## Required action
Copy all lines below exactly as written. Leave pictures out.

Records for processing section start

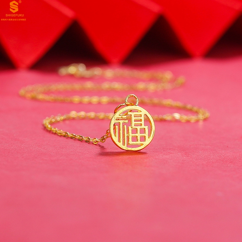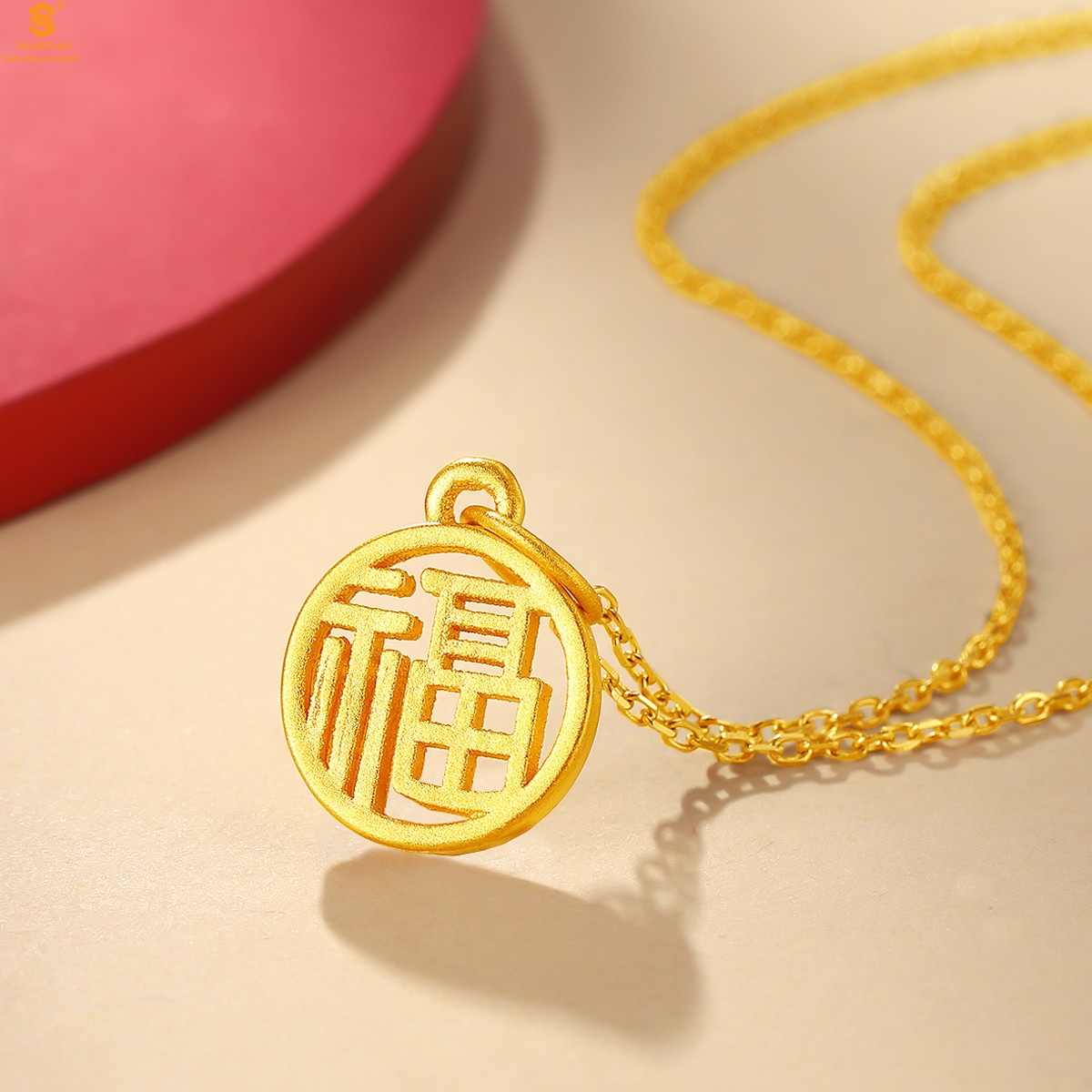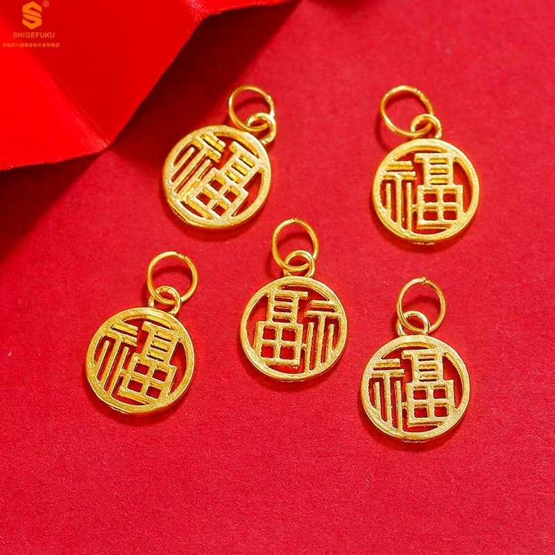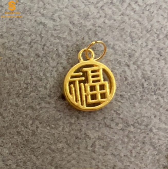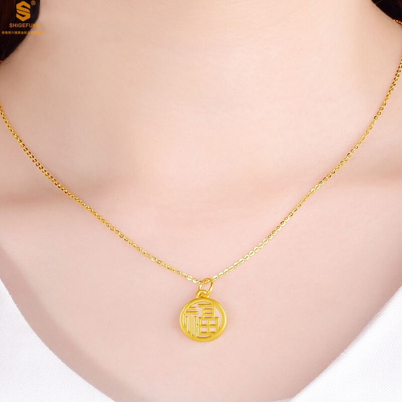 【品名】足金内嵌足银-镂空国潮大圆福牌吊坠(附赠K金项链)
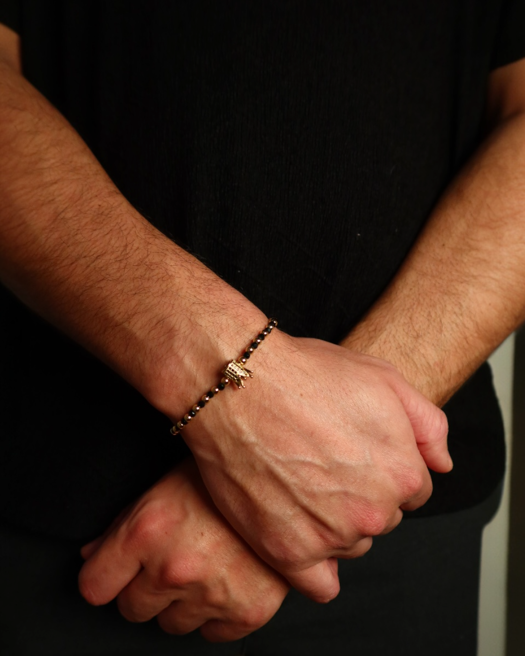Brățara Regal este un accesoriu elegant, inspirat de simbolul puterii și al rafinamentului – coroana. Designul său combină armonios pietrele negre cu bilele aurii, iar elementul central în formă de coroană oferă un aspect impunător și sofisticat.
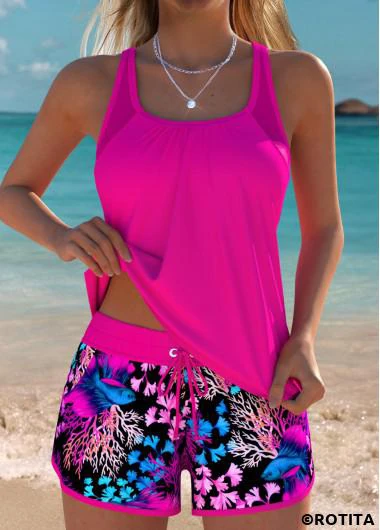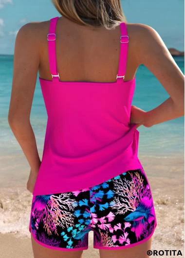 Maison > Maillots de bain > Tankinis > Ensembles Tankini/ Ensemble tankini rose fuchsia imprimé vie marine Rotita couvrant le ventre
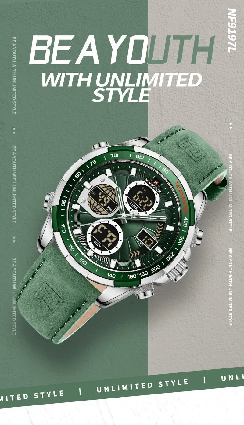 Multi-functional Quartz Men's Watch With Genuine Leather Strap
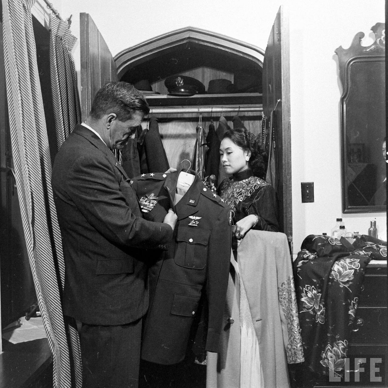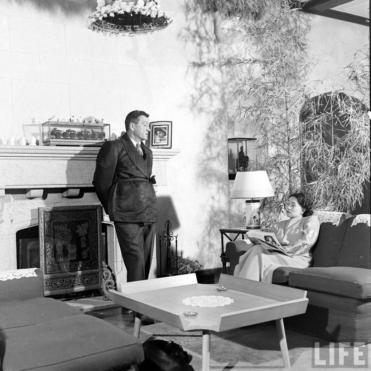 1947年,上海。陈纳德与陈香梅在寓所。.jpg
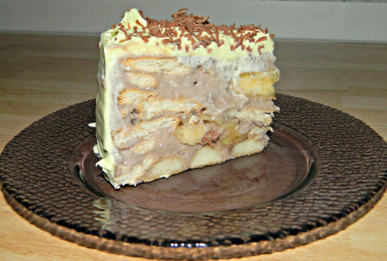 Шлагот изматете го со миксер. Премачкајте ја тортата откако сосема ќе биде изладена и декорирајте по вкус, чоколаден прелив, банани, рендано чоколадо…
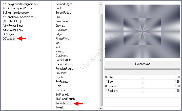 3 - Effets/DCspecial / TunnelVision réglages suivants :

Records for processing section end

## Answer box
 【品名】足金内嵌足银-镂空国潮大圆福牌吊坠(附赠K金项链)
Brățara Regal este un accesoriu elegant, inspirat de simbolul puterii și al rafinamentului – coroana. Designul său combină armonios pietrele negre cu bilele aurii, iar elementul central în formă de coroană oferă un aspect impunător și sofisticat.
 Maison > Maillots de bain > Tankinis > Ensembles Tankini/ Ensemble tankini rose fuchsia imprimé vie marine Rotita couvrant le ventre
 Multi-functional Quartz Men's Watch With Genuine Leather Strap
 1947年,上海。陈纳德与陈香梅在寓所。.jpg
 Шлагот изматете го со миксер. Премачкајте ја тортата откако сосема ќе биде изладена и декорирајте по вкус, чоколаден прелив, банани, рендано чоколадо…
 3 - Effets/DCspecial / TunnelVision réglages suivants :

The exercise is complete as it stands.